# EXERCISE:
The answer should be the exact lines from the line containing "съединения и миризми." through the last line of the material below, with no pictures.
===== COLLECTED MATERIAL =====
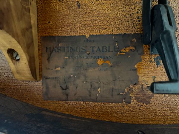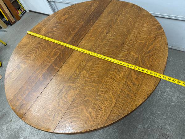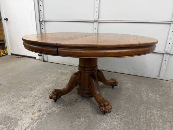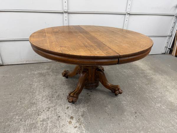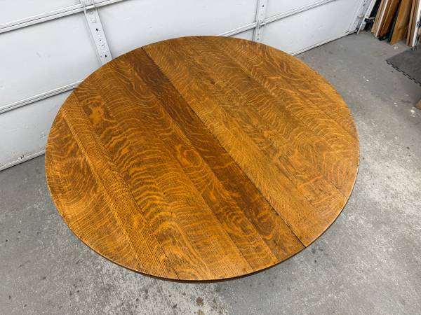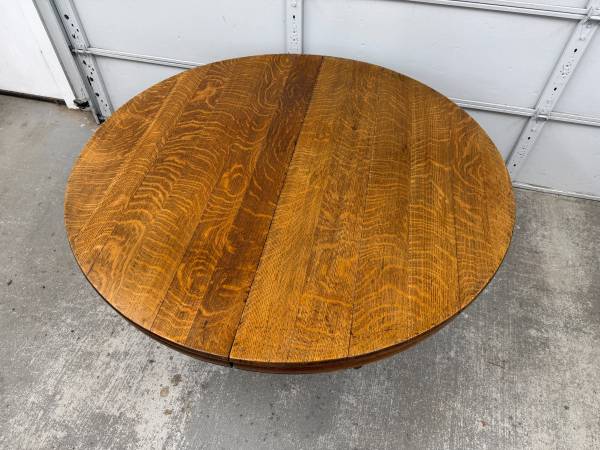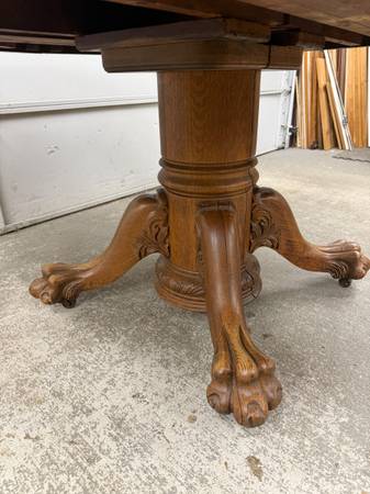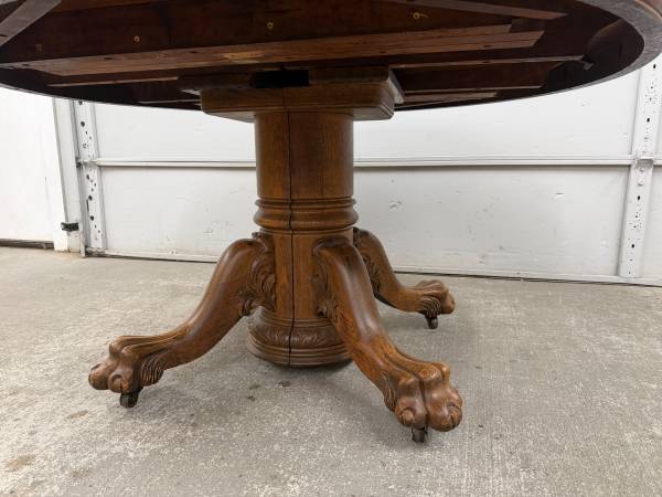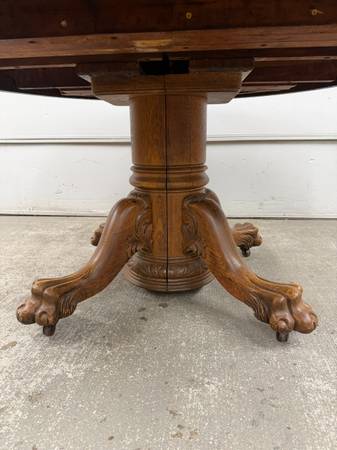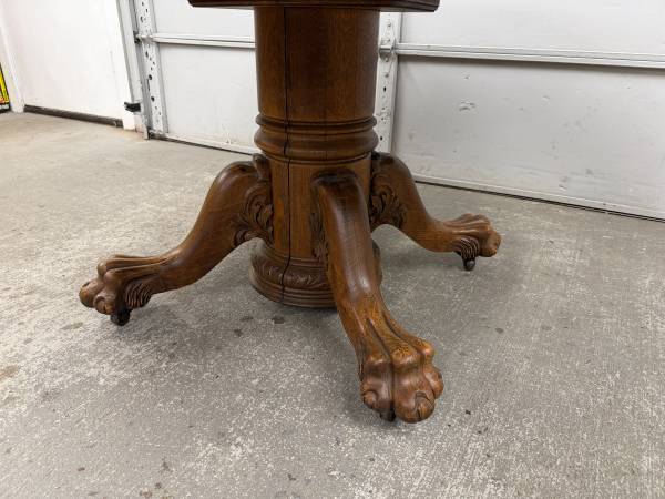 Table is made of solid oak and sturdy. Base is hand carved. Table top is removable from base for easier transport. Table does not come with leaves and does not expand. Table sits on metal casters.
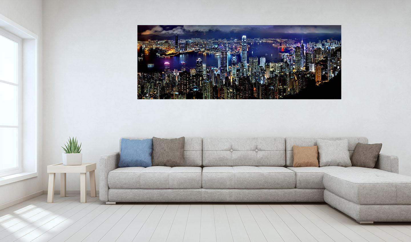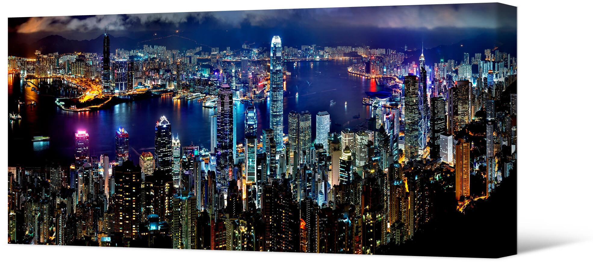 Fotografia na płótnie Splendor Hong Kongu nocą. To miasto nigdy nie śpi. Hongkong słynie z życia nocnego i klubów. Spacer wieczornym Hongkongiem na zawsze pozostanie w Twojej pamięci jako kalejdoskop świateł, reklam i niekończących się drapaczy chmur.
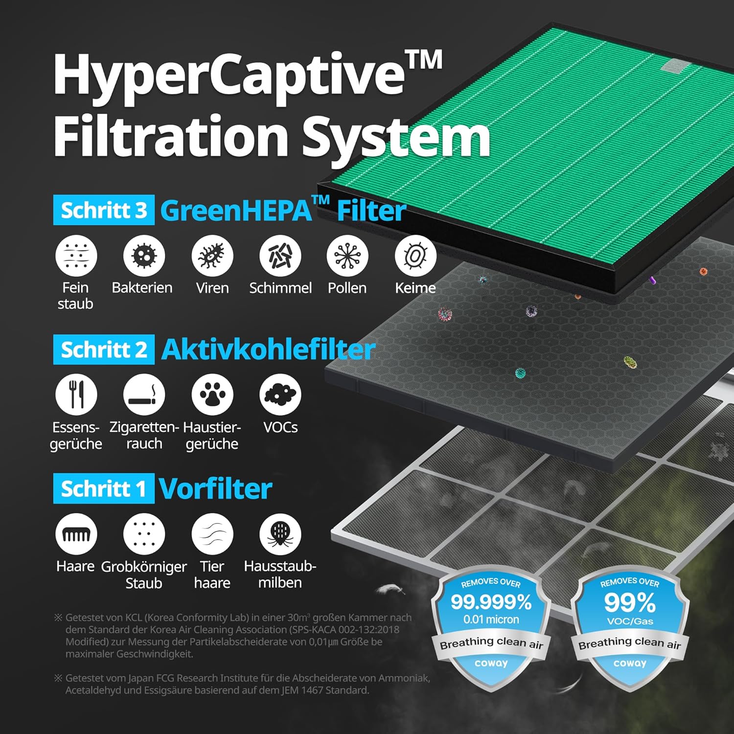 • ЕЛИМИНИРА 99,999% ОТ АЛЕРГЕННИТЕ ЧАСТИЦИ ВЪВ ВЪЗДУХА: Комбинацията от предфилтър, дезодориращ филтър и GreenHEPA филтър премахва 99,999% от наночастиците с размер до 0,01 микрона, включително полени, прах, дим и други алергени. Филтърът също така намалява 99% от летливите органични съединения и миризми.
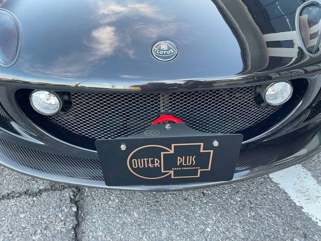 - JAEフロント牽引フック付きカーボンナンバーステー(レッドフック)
=====
# ANSWER FOR THIS EXERCISE:
 • ЕЛИМИНИРА 99,999% ОТ АЛЕРГЕННИТЕ ЧАСТИЦИ ВЪВ ВЪЗДУХА: Комбинацията от предфилтър, дезодориращ филтър и GreenHEPA филтър премахва 99,999% от наночастиците с размер до 0,01 микрона, включително полени, прах, дим и други алергени. Филтърът също така намалява 99% от летливите органични съединения и миризми.
 - JAEフロント牽引フック付きカーボンナンバーステー(レッドフック)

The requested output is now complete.